Harry Potter her medya kanalında kendisine bir yansıma buldu. Hanru Jenkins’in yakınsama adını verdiği ‘çoklu medya ortamında içeriğin akış sağlaması’ durumu Harry Potter ile somutluk kazandı.
İçerik dönüşümünün en belirgin ve en fazla etkileşim kazanan hali olan Harry Potter Jenkins’in ‘Cesur Yeni Medya’ kitabında da kullandığı örneklerden biridir.
Transmedya ve Star Wars
Bilim kurgu tarihinin ‘yıldızlı’ ürünü olan Star Wars dijital medyada bulunan en aktif transmedya örneğidir. Filmleri ile geniş bir hayran kitlesi kazanan Star Wars sahip olduğu pek çok farklı oyun ile dijitaldeki varlığını sağlamlaştıran eşsiz bir dönüşümdür.
Filmlerinin tüketiminin oldukça fazla oluşuyla bilinirlik elde eden Star Wars, izleyici kitlesini bu ‘bilim kurgu’ evreninin bir parçası olma deneyimi sunan video oyunlarıyla ‘dönüşüm’ yaşamıştır. İnteraktif bir deneyimi hayranlarına ikram eden Star Wars’un hala devam eden hikayesinin tüketimi bu sayede gerçekleşmektedir.
Bu örnekler Jenkins’in ortaya koyduğu terimin ne kadar büyük bir başarı elde edebildiğini kanıtlamaktadır. Peki transmedya yalnızca ‘hayran kültürü’ etrafında mı ilerler? Yoksa bu ‘dönüşümü’ daha minimal bir düzeyde kullanmak mümkün müdür?
Dijital Pazarlamada Transmedya Nasıl Kullanılır?
Dijital dünyada tüketici istediğinde üretici konumuna geçebilir. Bu konum değişikliği tüketicinin dijital pazarda yaptığı fakat farkında olmadığı hamleler ile de meydana gelebilir. Pazarlama sürecine ivme kazandıracak hamlelerin transmedya ürünü olması ise çok olasıdır. Bu terimin pazardaki kullanımı;
- Marka oluşturduğu ürünü farklı bir medya kanalına uygun hale getirir.
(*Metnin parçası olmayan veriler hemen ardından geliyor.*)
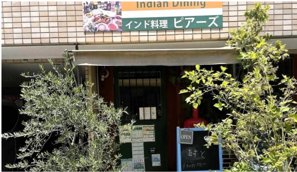
ピアーズ 東村山店 行き方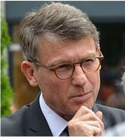
M. Peillon, ministre, félicite les élèves de provençal pour leur spectacle sur Frédéric Mistral.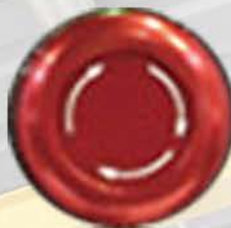
비상 정지 푸시 버튼

- Televizyon için hazırlanan ürün sosyal medya platformlarına evrilir.
- Sadece belli bir sosyal medya platformu için oluşturulan ürün yine o platform içinde farklı biçimde paylaşılabilir. Örneğin Instagram’da Reels olarak hazırlanan içerik hikaye biçimiyle de kullanıcılara sunulur.
- Marka dışında tüketiciler de yaptıkları yorum, paylaşım gibi eylemlerle dönüşüm sürecinin bir parçası haline gelir.
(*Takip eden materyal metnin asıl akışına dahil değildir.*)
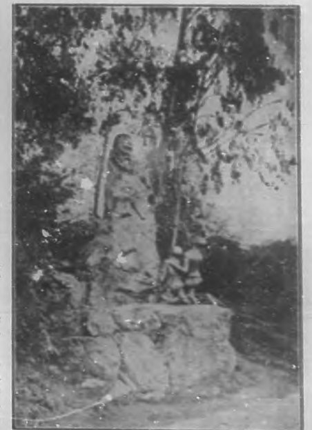
Monumento a Cervantes en el "Golden Gate Park", San Francisco de California, regalado a la ciudad por el filántropo español.

Bir marka düşünün; yeni bir ürünü ya da hizmetini pazarlamak için bir televizyon reklamı oluşturdu. Bu reklamı tüketen bir kullanıcı reklama dair görüşünü kendisine ait bir sosyal medya platformunda paylaştığında yeni bir içerik üretmiş olur. Ancak bu içerik temelini ‘o reklamdan’ aldığı için ‘dönüşmüş ürün’ olarak kabul edilir. Kullanıcı da böylece markanın pazarlama sürecine katkıda bulunmuş olur.
Henry Jenkins’in medya sürecine dahil ettiği transmedyanın sergilendiği sosyal medya da dijital pazarlamada ciddi bir yer kaplar.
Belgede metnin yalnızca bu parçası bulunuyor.